Task details: Please repeat the lines below, exactly and only, from the one that holds "A close-up of" through the one that holds "पवन राय, मंडला।".

Data records:
»»

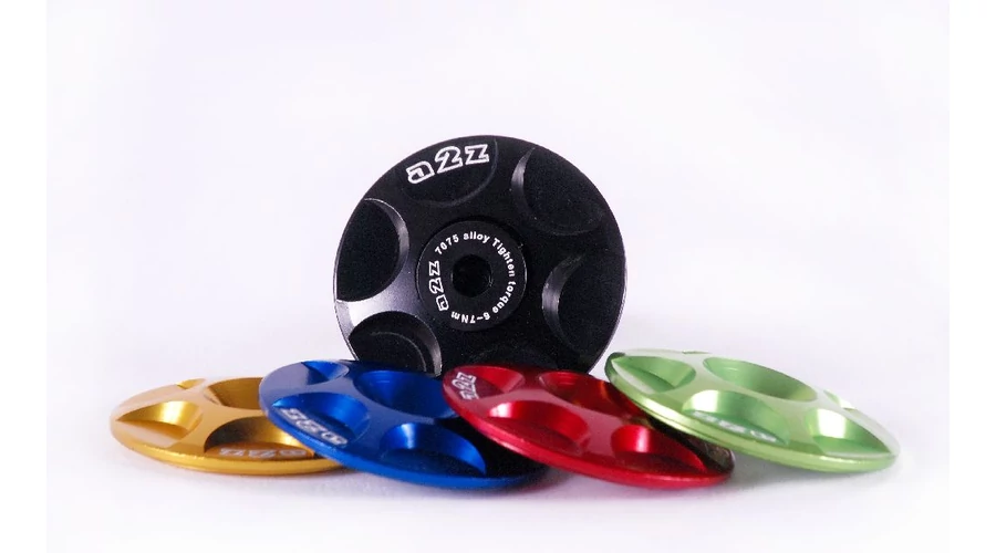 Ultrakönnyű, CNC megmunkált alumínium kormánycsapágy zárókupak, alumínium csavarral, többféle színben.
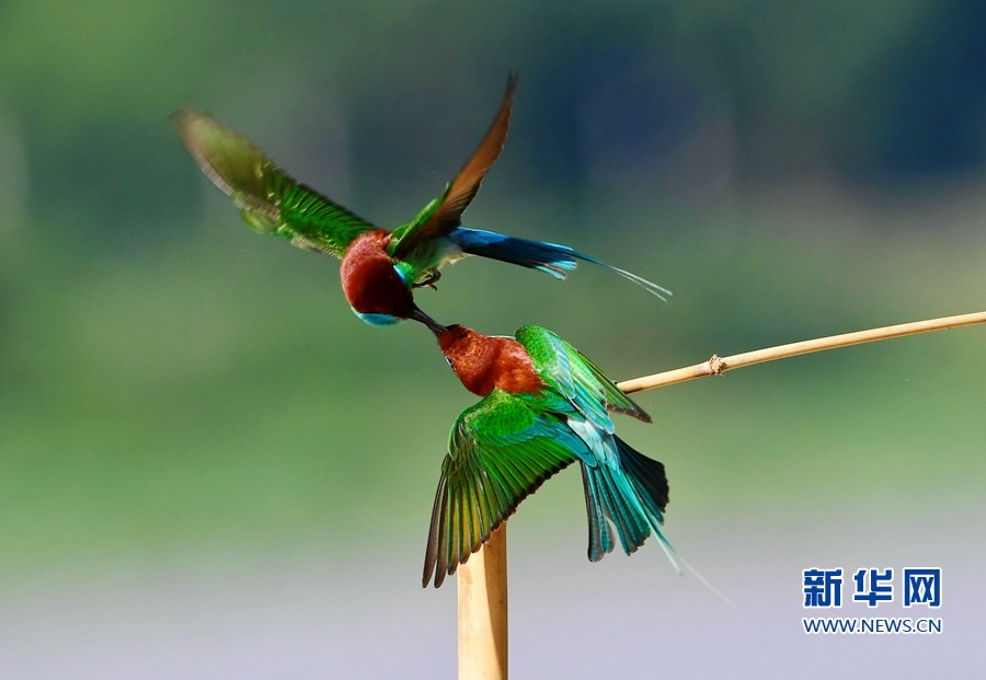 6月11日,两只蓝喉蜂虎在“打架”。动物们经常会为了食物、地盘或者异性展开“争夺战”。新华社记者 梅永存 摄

««
»»

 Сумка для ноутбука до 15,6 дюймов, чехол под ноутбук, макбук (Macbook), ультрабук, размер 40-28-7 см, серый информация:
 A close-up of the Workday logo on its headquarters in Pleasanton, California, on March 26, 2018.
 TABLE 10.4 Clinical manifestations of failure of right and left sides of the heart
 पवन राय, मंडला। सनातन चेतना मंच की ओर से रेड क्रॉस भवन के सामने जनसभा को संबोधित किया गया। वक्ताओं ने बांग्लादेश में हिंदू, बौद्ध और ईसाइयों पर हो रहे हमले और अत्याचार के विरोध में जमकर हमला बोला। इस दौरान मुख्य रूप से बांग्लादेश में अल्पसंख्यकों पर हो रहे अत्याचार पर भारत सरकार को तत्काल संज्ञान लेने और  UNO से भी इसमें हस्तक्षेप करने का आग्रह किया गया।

««

Answer to this exercise:
 A close-up of the Workday logo on its headquarters in Pleasanton, California, on March 26, 2018.
 TABLE 10.4 Clinical manifestations of failure of right and left sides of the heart
 पवन राय, मंडला। सनातन चेतना मंच की ओर से रेड क्रॉस भवन के सामने जनसभा को संबोधित किया गया। वक्ताओं ने बांग्लादेश में हिंदू, बौद्ध और ईसाइयों पर हो रहे हमले और अत्याचार के विरोध में जमकर हमला बोला। इस दौरान मुख्य रूप से बांग्लादेश में अल्पसंख्यकों पर हो रहे अत्याचार पर भारत सरकार को तत्काल संज्ञान लेने और  UNO से भी इसमें हस्तक्षेप करने का आग्रह किया गया।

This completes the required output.